- [What is being asked]
Print the listing as it stands, omitting all images.

- [Exercise data]

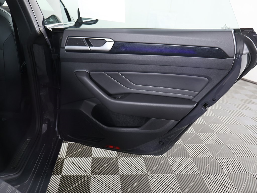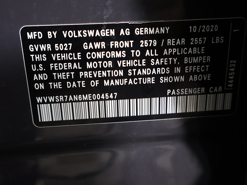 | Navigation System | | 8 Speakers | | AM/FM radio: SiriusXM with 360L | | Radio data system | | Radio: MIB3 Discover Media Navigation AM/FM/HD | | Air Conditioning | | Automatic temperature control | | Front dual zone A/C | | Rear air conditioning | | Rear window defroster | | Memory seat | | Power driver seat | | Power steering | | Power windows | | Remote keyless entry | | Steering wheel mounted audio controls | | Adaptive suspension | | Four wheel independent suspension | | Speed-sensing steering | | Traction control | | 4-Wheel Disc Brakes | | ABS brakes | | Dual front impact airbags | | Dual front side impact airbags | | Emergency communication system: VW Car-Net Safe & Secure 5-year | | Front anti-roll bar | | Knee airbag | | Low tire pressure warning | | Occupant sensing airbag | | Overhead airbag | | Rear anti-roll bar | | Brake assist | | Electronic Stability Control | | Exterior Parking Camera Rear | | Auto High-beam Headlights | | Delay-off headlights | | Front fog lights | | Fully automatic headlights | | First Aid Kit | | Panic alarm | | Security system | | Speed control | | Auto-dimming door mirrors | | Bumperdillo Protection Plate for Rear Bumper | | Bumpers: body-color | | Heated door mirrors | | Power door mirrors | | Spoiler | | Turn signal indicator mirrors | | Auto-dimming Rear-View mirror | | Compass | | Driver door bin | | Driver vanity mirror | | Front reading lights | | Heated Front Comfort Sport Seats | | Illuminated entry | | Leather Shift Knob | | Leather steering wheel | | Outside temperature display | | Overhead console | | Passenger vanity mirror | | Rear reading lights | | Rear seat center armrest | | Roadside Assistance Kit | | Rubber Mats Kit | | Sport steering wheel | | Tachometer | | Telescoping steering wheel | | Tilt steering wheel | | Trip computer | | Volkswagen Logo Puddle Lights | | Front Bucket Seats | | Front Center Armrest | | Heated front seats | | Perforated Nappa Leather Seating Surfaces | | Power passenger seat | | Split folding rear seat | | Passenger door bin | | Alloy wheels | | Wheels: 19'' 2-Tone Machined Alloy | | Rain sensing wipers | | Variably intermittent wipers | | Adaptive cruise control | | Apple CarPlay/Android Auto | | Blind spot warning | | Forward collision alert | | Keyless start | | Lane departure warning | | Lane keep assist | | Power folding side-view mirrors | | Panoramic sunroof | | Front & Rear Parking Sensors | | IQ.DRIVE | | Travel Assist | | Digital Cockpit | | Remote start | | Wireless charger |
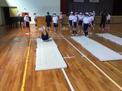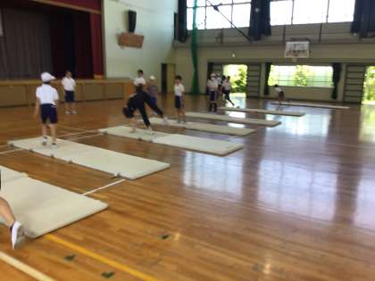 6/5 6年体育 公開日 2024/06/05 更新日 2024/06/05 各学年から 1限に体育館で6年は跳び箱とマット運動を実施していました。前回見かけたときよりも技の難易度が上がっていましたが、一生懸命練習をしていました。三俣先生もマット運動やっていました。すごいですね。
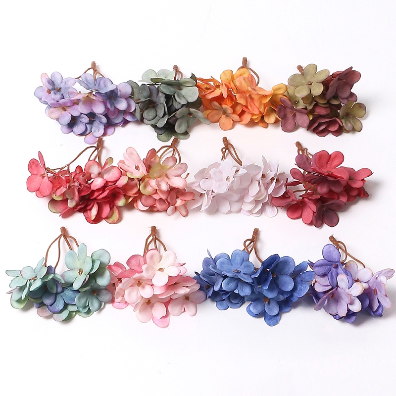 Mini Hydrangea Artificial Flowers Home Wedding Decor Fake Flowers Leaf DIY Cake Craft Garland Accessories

- [Completed task]
 | Navigation System | | 8 Speakers | | AM/FM radio: SiriusXM with 360L | | Radio data system | | Radio: MIB3 Discover Media Navigation AM/FM/HD | | Air Conditioning | | Automatic temperature control | | Front dual zone A/C | | Rear air conditioning | | Rear window defroster | | Memory seat | | Power driver seat | | Power steering | | Power windows | | Remote keyless entry | | Steering wheel mounted audio controls | | Adaptive suspension | | Four wheel independent suspension | | Speed-sensing steering | | Traction control | | 4-Wheel Disc Brakes | | ABS brakes | | Dual front impact airbags | | Dual front side impact airbags | | Emergency communication system: VW Car-Net Safe & Secure 5-year | | Front anti-roll bar | | Knee airbag | | Low tire pressure warning | | Occupant sensing airbag | | Overhead airbag | | Rear anti-roll bar | | Brake assist | | Electronic Stability Control | | Exterior Parking Camera Rear | | Auto High-beam Headlights | | Delay-off headlights | | Front fog lights | | Fully automatic headlights | | First Aid Kit | | Panic alarm | | Security system | | Speed control | | Auto-dimming door mirrors | | Bumperdillo Protection Plate for Rear Bumper | | Bumpers: body-color | | Heated door mirrors | | Power door mirrors | | Spoiler | | Turn signal indicator mirrors | | Auto-dimming Rear-View mirror | | Compass | | Driver door bin | | Driver vanity mirror | | Front reading lights | | Heated Front Comfort Sport Seats | | Illuminated entry | | Leather Shift Knob | | Leather steering wheel | | Outside temperature display | | Overhead console | | Passenger vanity mirror | | Rear reading lights | | Rear seat center armrest | | Roadside Assistance Kit | | Rubber Mats Kit | | Sport steering wheel | | Tachometer | | Telescoping steering wheel | | Tilt steering wheel | | Trip computer | | Volkswagen Logo Puddle Lights | | Front Bucket Seats | | Front Center Armrest | | Heated front seats | | Perforated Nappa Leather Seating Surfaces | | Power passenger seat | | Split folding rear seat | | Passenger door bin | | Alloy wheels | | Wheels: 19'' 2-Tone Machined Alloy | | Rain sensing wipers | | Variably intermittent wipers | | Adaptive cruise control | | Apple CarPlay/Android Auto | | Blind spot warning | | Forward collision alert | | Keyless start | | Lane departure warning | | Lane keep assist | | Power folding side-view mirrors | | Panoramic sunroof | | Front & Rear Parking Sensors | | IQ.DRIVE | | Travel Assist | | Digital Cockpit | | Remote start | | Wireless charger |
 6/5 6年体育 公開日 2024/06/05 更新日 2024/06/05 各学年から 1限に体育館で6年は跳び箱とマット運動を実施していました。前回見かけたときよりも技の難易度が上がっていましたが、一生懸命練習をしていました。三俣先生もマット運動やっていました。すごいですね。
 Mini Hydrangea Artificial Flowers Home Wedding Decor Fake Flowers Leaf DIY Cake Craft Garland Accessories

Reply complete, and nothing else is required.